We're particularly intrigued by the integrative learning part of the gift, so let's loop back to that.
On the surface, the gift seems to confirm what we already know. That is, most residential colleges, by their very nature, provide a kind of integrative living environment. But the degree of integration is a relative thing.
Some colleges place students in giant high-rise apartment complexes where their interaction with other students is minimal. Others separate living spaces from the actual classrooms, creating a sense of detachment. In short, residential college students can nonetheless feel like commuters.
The USC village, on the other hand, creates what could be described as a "college within a college." Located directly north of the University Park Campus, the 1.25-million-square-foot USC Village project will enhance campus life for students while opening up an array of new retail and service options for the local community when it opens in 2017.

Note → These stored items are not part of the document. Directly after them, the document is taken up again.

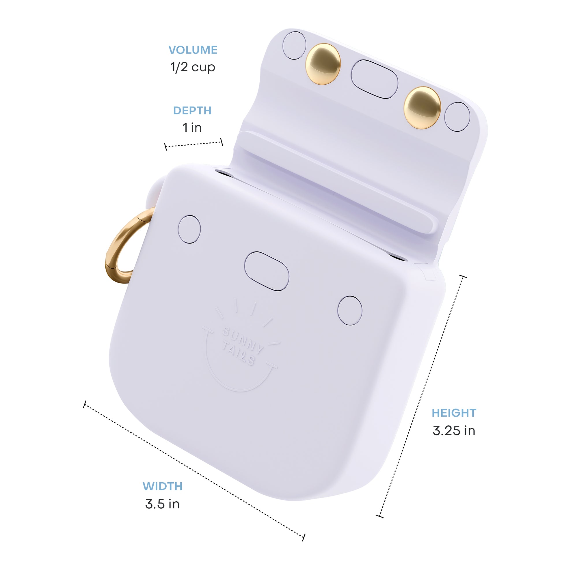 Designed for the ultimate mess-free dog rewarding experience! Sunny Tail's patent-pending food grade silicone treat pouches are secured with 4 hidden magnets and 2 metal snaps to attach onto your leash to make carrying treats easy and hands free.
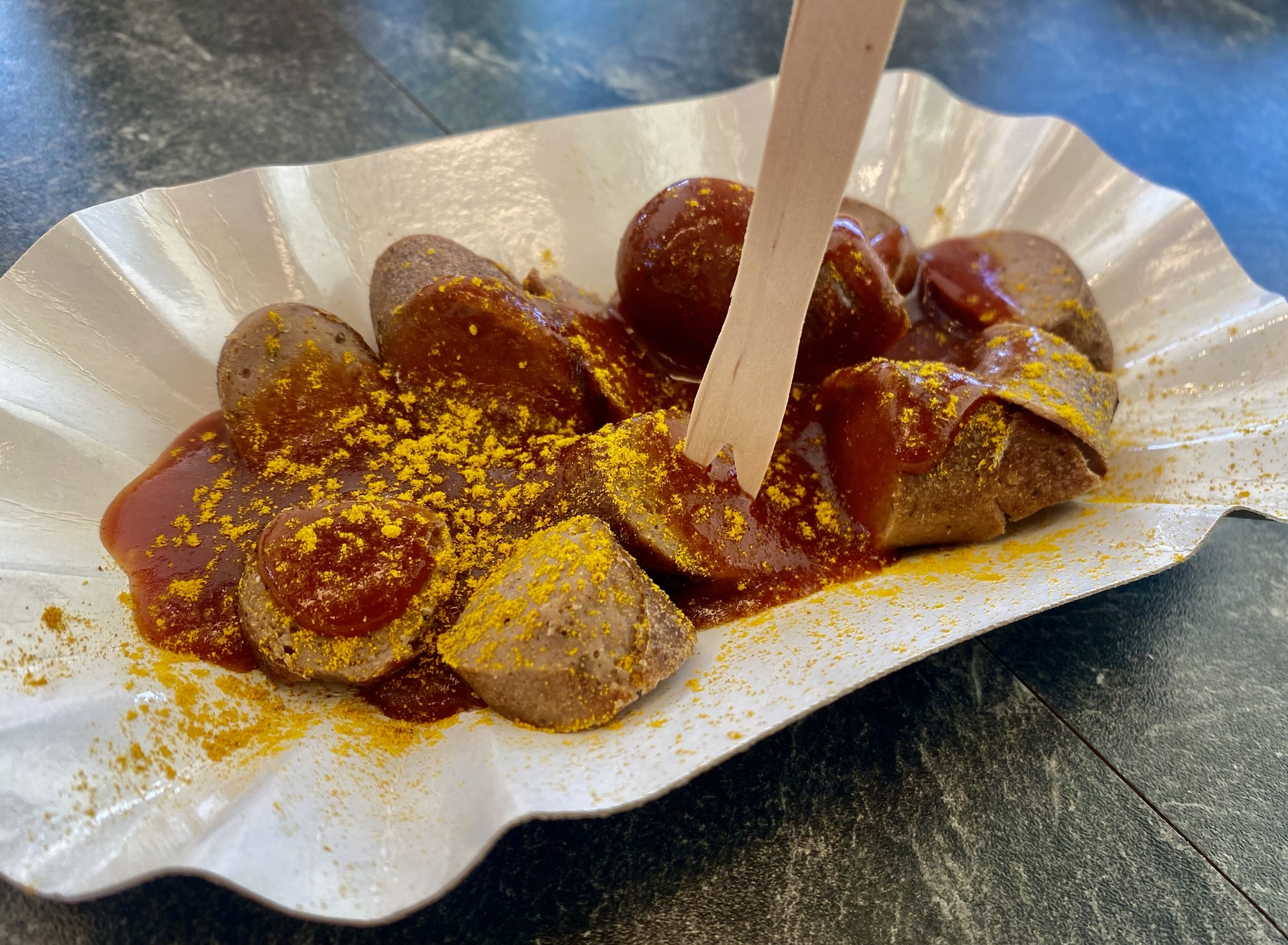 „GEGRILLTE WILDCURRYWURST“
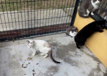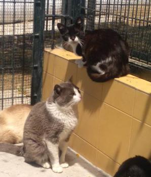 Oskar konnte inzwischen den Käfig verlassen. Er lebt jetzt in der großen Gruppe der Katzen auf der Finca. Dort kommt er super zurecht. Oskar ist ein sehr sozialer Kater und versteht sich super mit seinen neuen Kumpels. Was sich im Käfig andeutete, hat sich aber in der Gruppe leider nicht bewahrheitet. Oskar hadert offensichtlich doch noch sehr mit den Menschen. Ob er schlechte Erfahrungen gemacht hat oder in seinem bisherigen Leben wenig mit Menschen zu tun hatte, wissen wir leider nicht. Am Anfang war Oskar in der Gruppe nur versteckt, und auch jetzt, da er sich zeigt, lässt er sich leider nur aus sicheren Entfernung von den Menschen fotografieren. Wir versuchen bald bessere Fotos zu liefern.
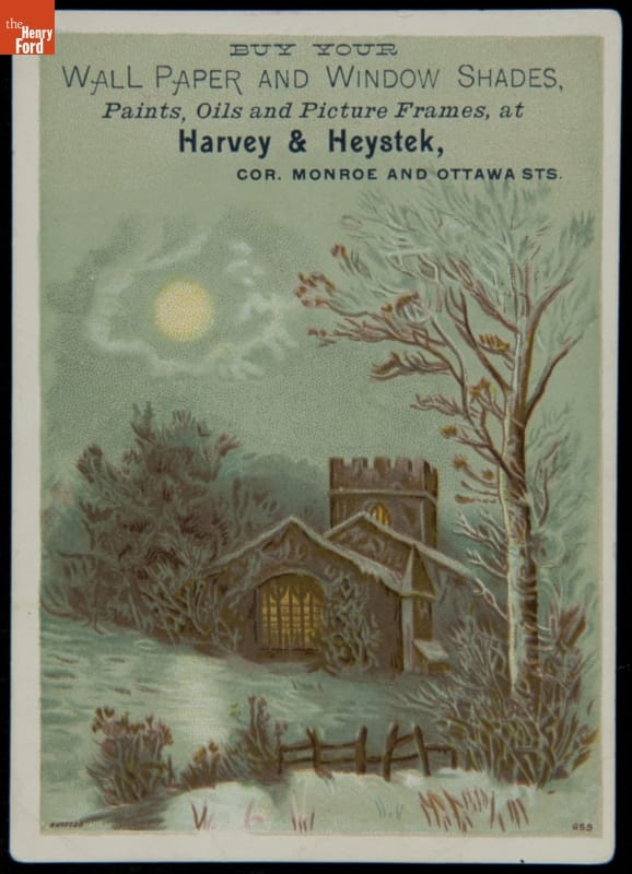 Advertised products sold by Harvey & Heystek, Grand Rapids, Michigan. Card lithographed by J.H. Bufford & Co. in New York, New York
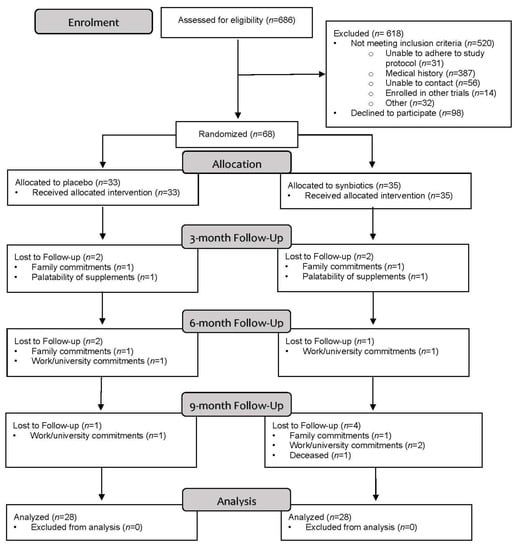 The retention rate was 82%, with 56 of the randomly allocated participants completing the 12-month intervention. Twelve (18%) participants withdrew from the study with no difference in withdrawals between groups (synbiotic: 7, placebo: 5; p = 0.60). Work or university commitments were the main reason for withdrawal (5, 42%) followed by family commitments or caregiver responsibilities (4, 33%). One participant from each group withdrew at week 2 and cited the palatability of the study products as the reason for withdrawal. The majority of withdrawals occurred at ≥6 months (8, 67%).
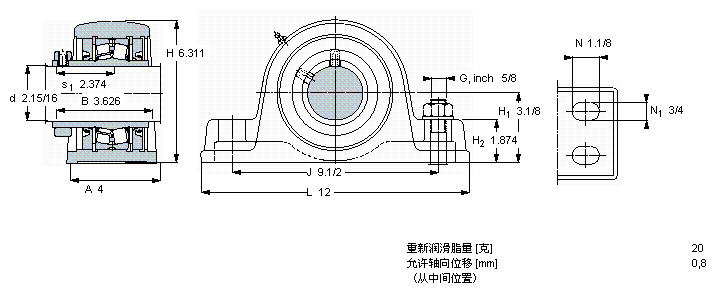 SKF轴承 > 轴台滚子轴承单元,锁定套,用于英制轴 > FSYE2.15/16-3
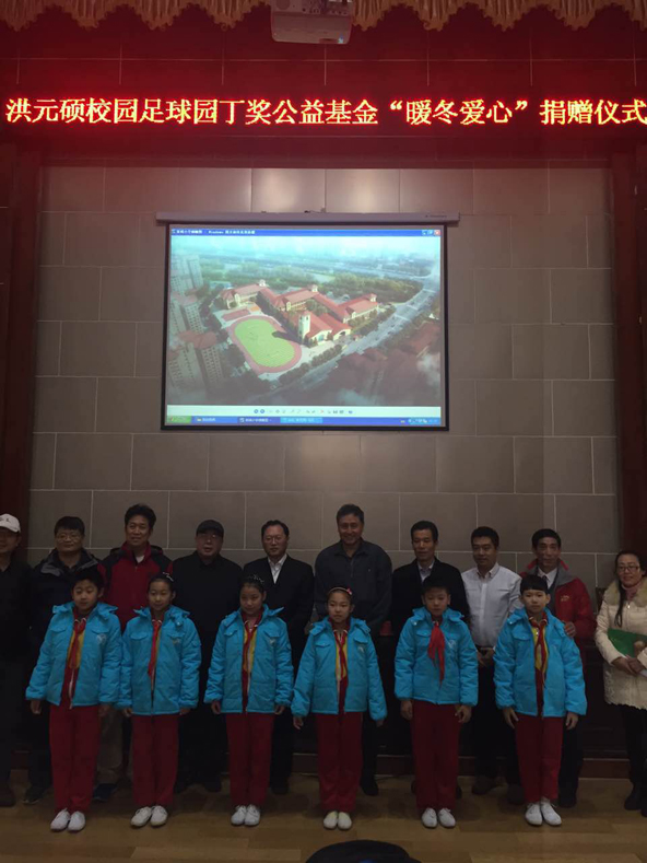 12月28日,洪元硕校园足球园丁奖公益项目向天津市蓟县第八小学的留守儿童捐赠了65件爱心棉服。这批棉服是由栗盈之、肖啟灿等28名北京的小朋友、爱心人士一起购买的,希望老区的小伙伴们在寒冷的冬天也能享受到温暖、愉快的户外运动。中国邮政体育邮局同时捐赠了北京申冬奥成功明信片、体育爱心包裹等文体用品。在天津市蓟县第八小学开展暖冬爱心棉服捐赠活动
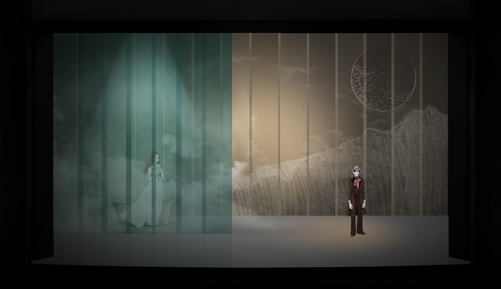 The moth is interpreted as a symbol of the transformation of life into a new form and quality. This association occupied my mind when I was designing the grotesque world of Dance of the vampires slightly permeated with darkness. Photographs of found collections of burial clothing became an inspiration for the search for forms and structures. When creating textiles, I tried to make them look like overexposed “remains”. Using combinations of unconventional and precious materials for the creation of textiles, I came up with very diverse structures in shades of black. The textiles created by me are an important part of the design, serving as a real presentation of the image of vampires with the constant use of monochrome. Their costumes are a variation on various epochs and on fashions prevalent in those times.
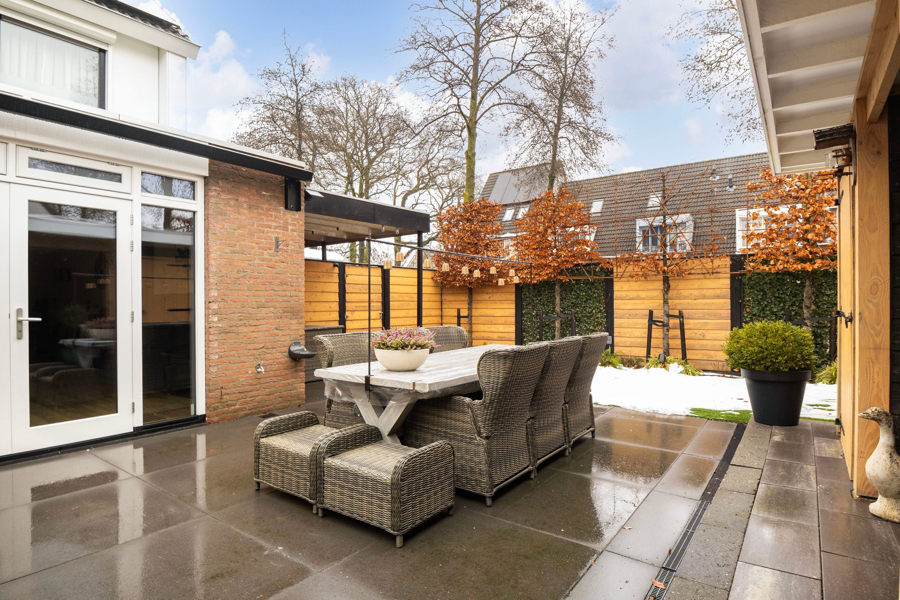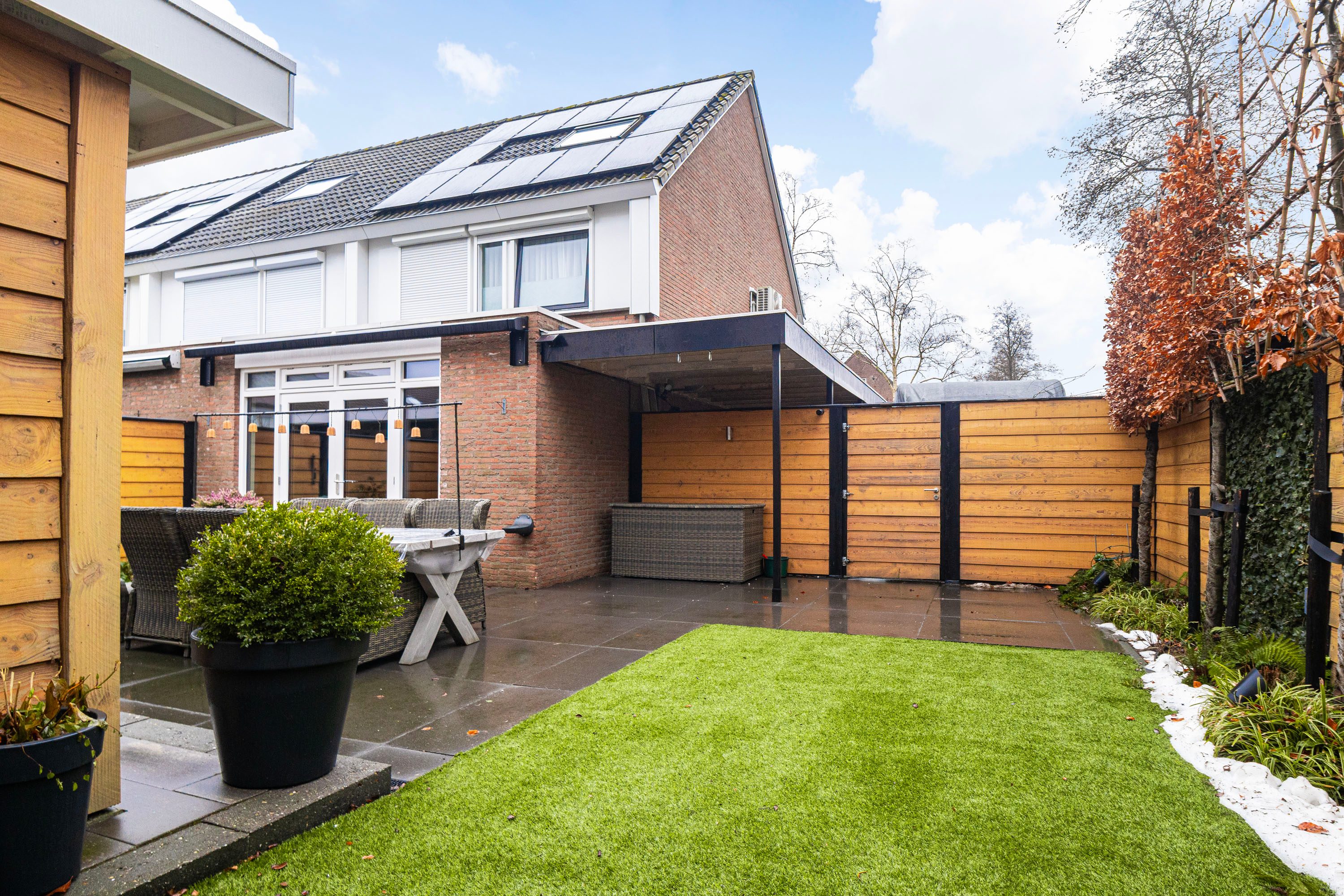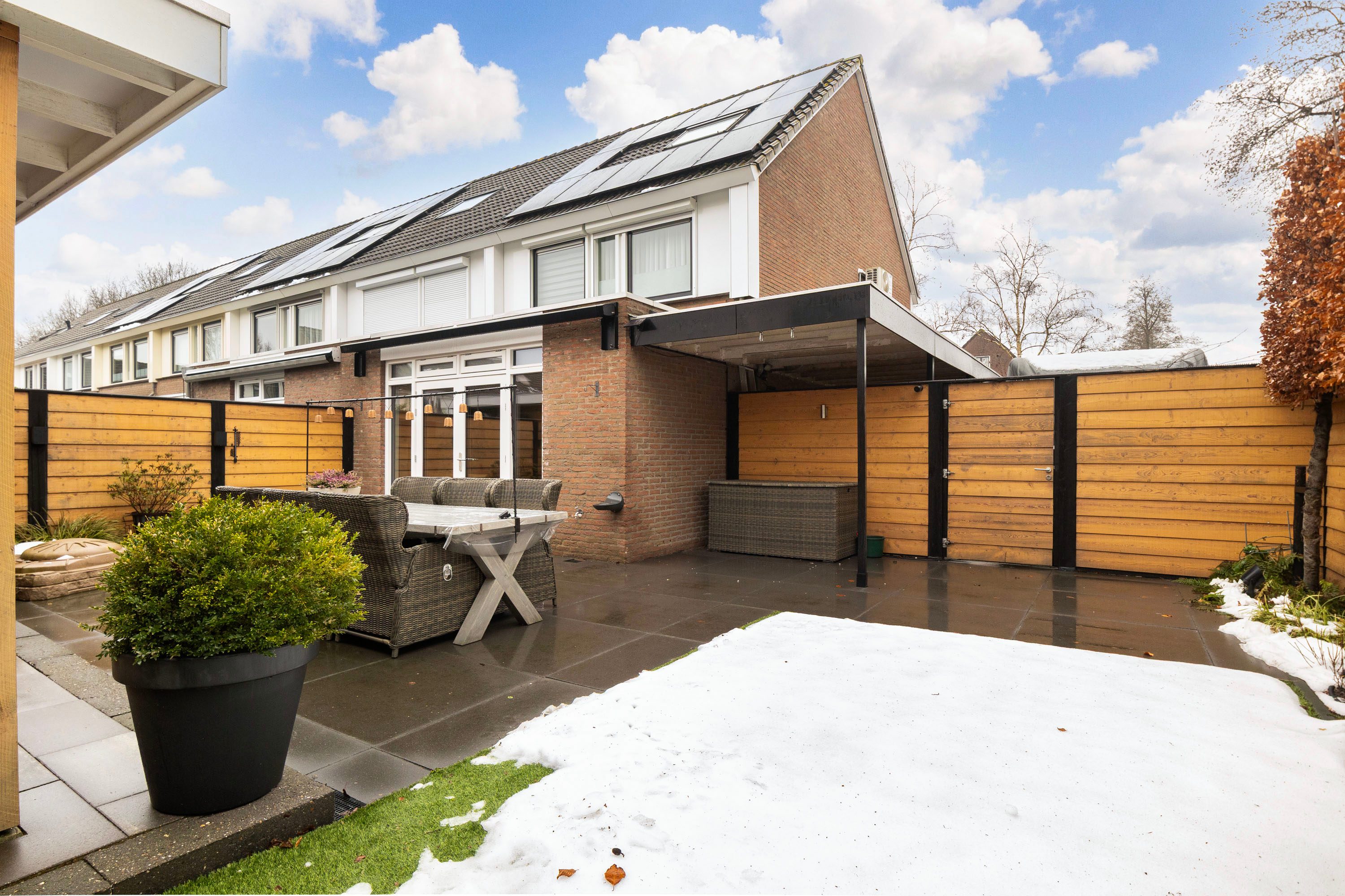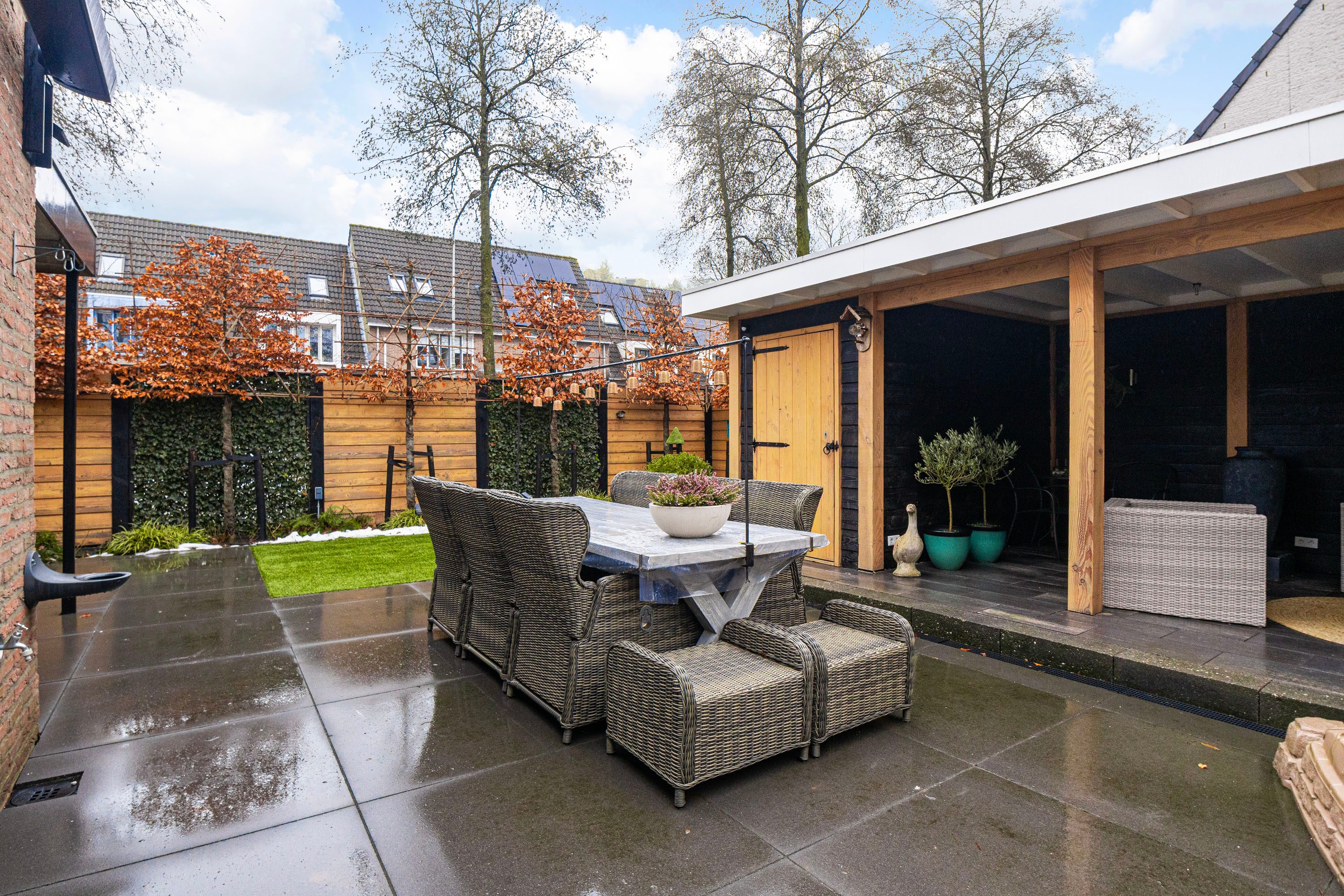 De achtertuin ligt gunstig op het zuidoosten en biedt volop mogelijkheden om van het buitenleven te genieten. Dankzij het zonnescherm en de overkapping is er altijd een prettige plek, zowel in de zon als in de schaduw. Aan de overkapping grenst bovendien een extra berging, ideaal voor het opbergen van tuinspullen.

"It’s my hope and aspiration that the Bohnett Residential College will afford USC students with a richly immersive college experience and help prepare them to be actively engaged members of the community throughout their lives," Bohnett said.
And what about Bohnett?
Well, as previously noted in our funder profile, he made his fortune in the technology sector. After turning to serious philanthropy in the late 1990s, he primarily focused on LGBT causes. Yet over time, he channeled more money towards the arts. Through the David Bohnett Foundation, he's been a major donor to the Los Angeles County Museum of Art (LACMA) and in 2014 pledged $20 million to the LA Philharmonic. He's also made an array of smaller gifts to places like the Museum of Contemporary Art and the League of American Orchestras. This major gift to USC opens yet another front in Bohnett's philanthropy.
One last point. Bohnett's campus gift also underscores the fact that, despite the democratizing promise of online and blended learning, funders still see tremendous value in a classic residential college experience. And that's a good thing. Why? Because students also see tremendous value in a classic residential college experience.
As we noted in a recent post looking at the Teagle Foundation's assessment of various blending learning efforts in the liberal arts space, Loni Bordoloi, one of the foundation's program directors, told assembled colleges: "Your students chose your institutions for a reason. They wanted, by and large, a residential liberal arts experience."
Of course, a true residential college experience may not be in the cards for every student out there, which makes blended learning an effective alternative. But Bohnett's "college with in a college" gift suggests that existing residential college experiences can be made more integrative, more impactful, and more community-oriented.